In this notebook, I'll use publicly-released data from the NBA to identify the players most frequently tasked with challenging defensive assignments -- limited to guards for now -- and look at some related questions, like:
- Does top-defender-dom persist from year to year?
- How are teams with two important offensive players defended? How do teams with two top defenders assign them?
- How do these matchups change in the playoffs?

## What's our universe of "important offensive players"?

We're going to start by using a Usage leaderboard, which reflects the proportion of a team's possessions in which that player was last to touch the ball (either by shooting it or turning it over). Because turnovers are most likely when a player is either dribbling the ball or passing the ball, this component is a reasonable approximation for players who spend the most time handling the ball, even if they don't shoot as often themselves.

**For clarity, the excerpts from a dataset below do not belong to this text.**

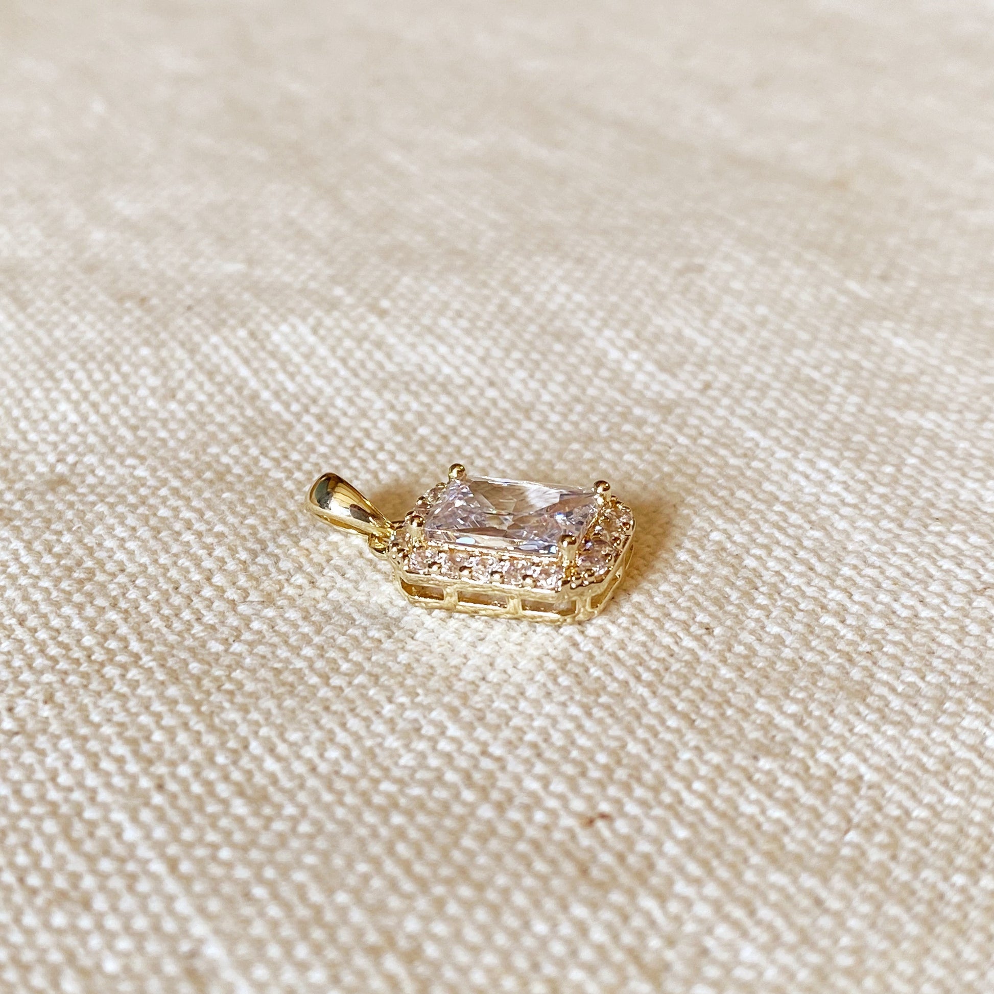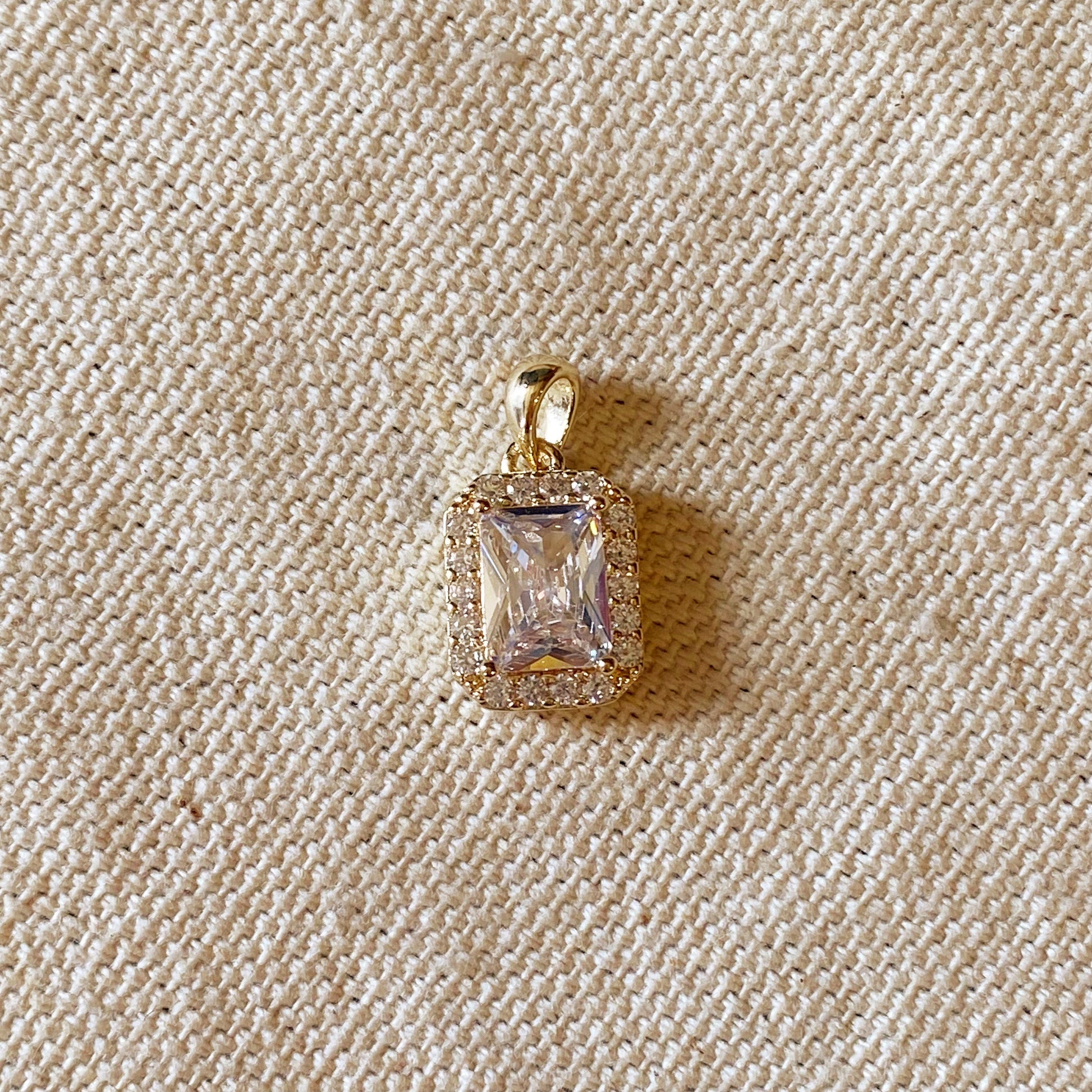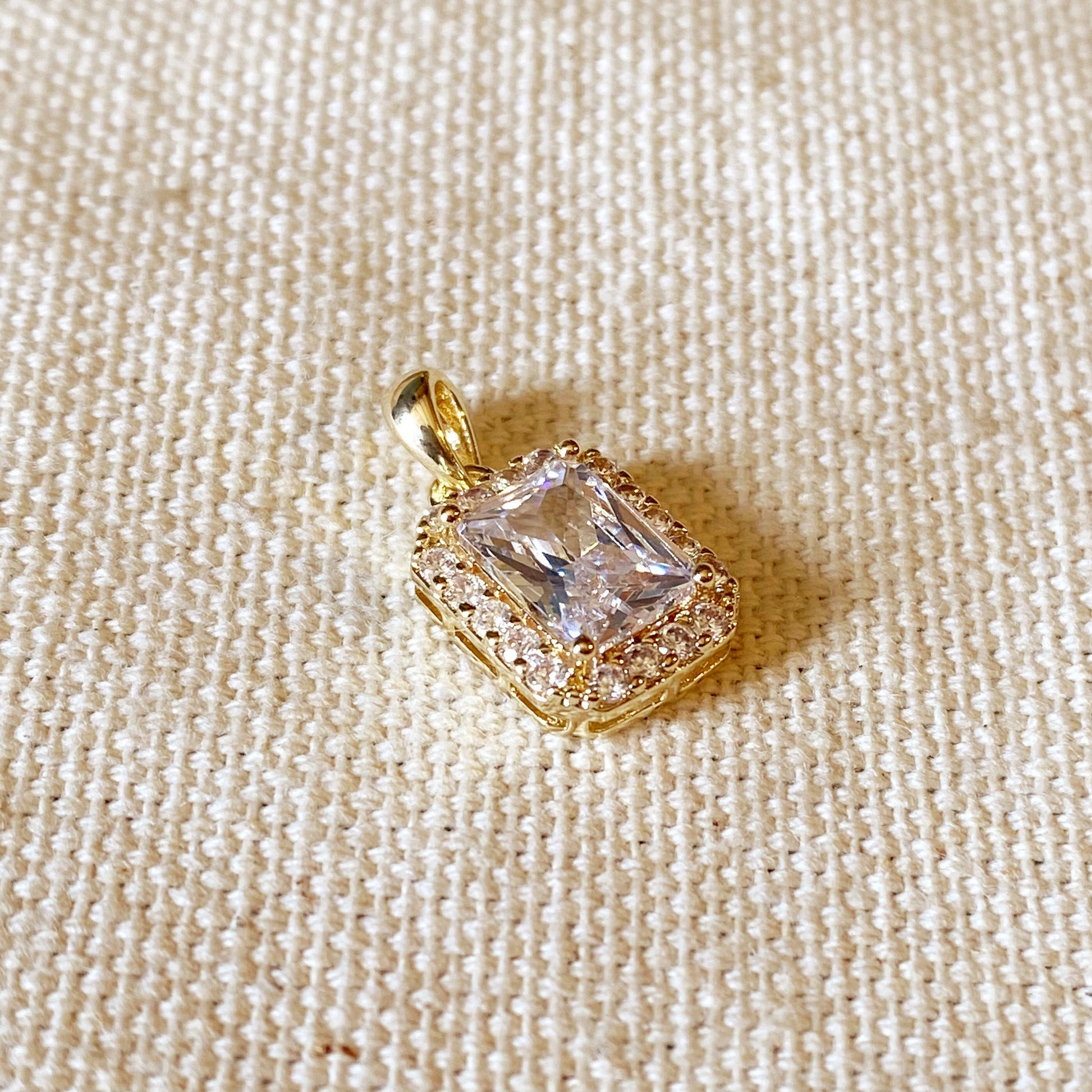 18k Gold Filled Clear Cubic Zirconia Cushion Cut Charm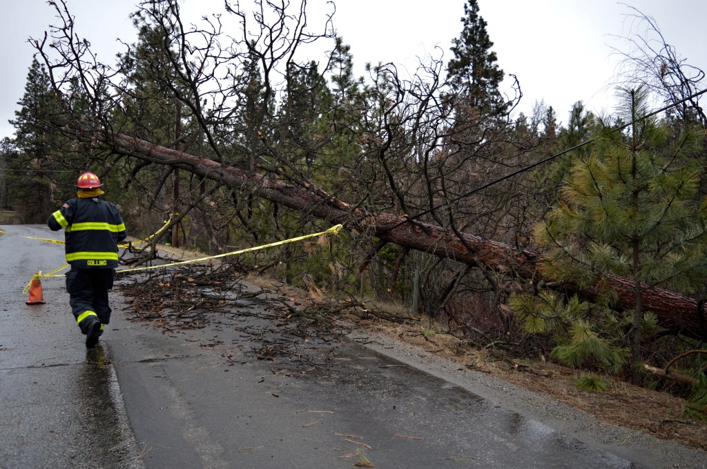 McCullough Road was closed yesterday afternoon as crews cleaned up a fallen tree, and power lines were knocked down on Spiers and Gulley Roads, according to a Global Okanagan report.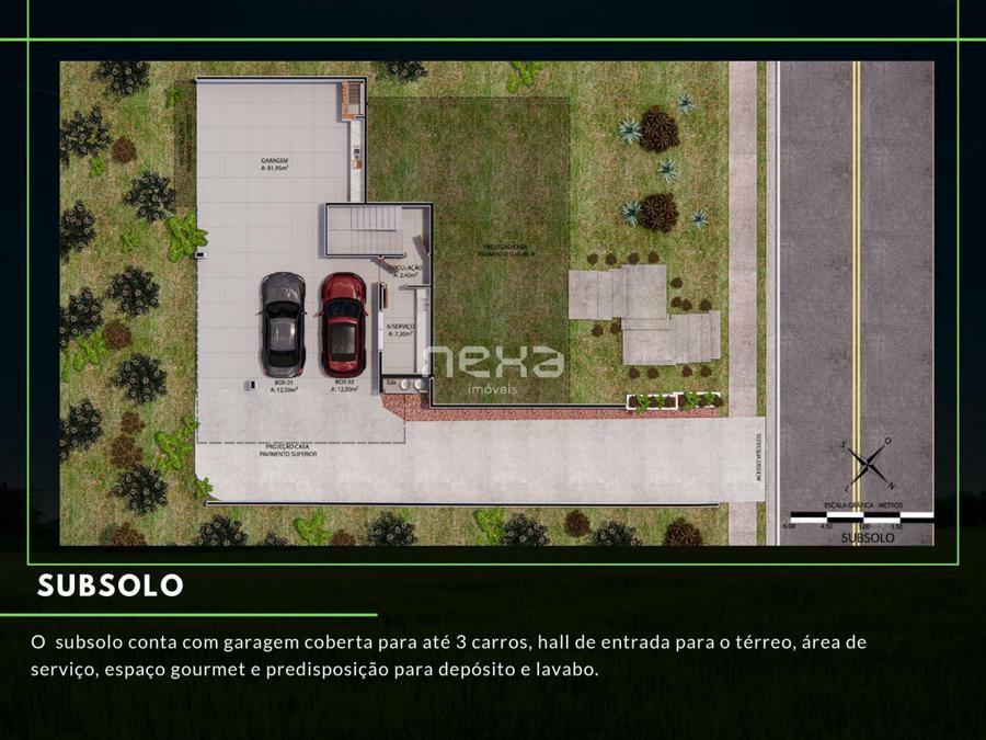 O subsolo conta com garagem coberta para até 3 carros, hall de entrada para o térreo, área de serviço, espaço gourmet e predisposição para depósito e lavabo.

We could consider incorporating Assist Ratio, which is the proportion of possessions for which that player receives credit for an assist (the last pass leading directly to a made shot), but assists are noisier than the components of usage. For one, assists are determined subjectively by official scorekeepers on the basis of whether that last pass was sufficiently proximate to the shot -- scorekeepers are tied to an arena and have been demonstrated to show a bias in awarding more assists to the home team. In addition, two passes of equal quality will not be treated identically because assists are only awarded if the shot is made, so a miss (or a shooting foul drawn) can't be assisted. As a result, Assist Ratio is dependent on whether the game is home or on the road, and on the shooting ability of a player's teammate (and to a smaller extent on the skill of the defender guarding that teammate). So we'll set it aside for now.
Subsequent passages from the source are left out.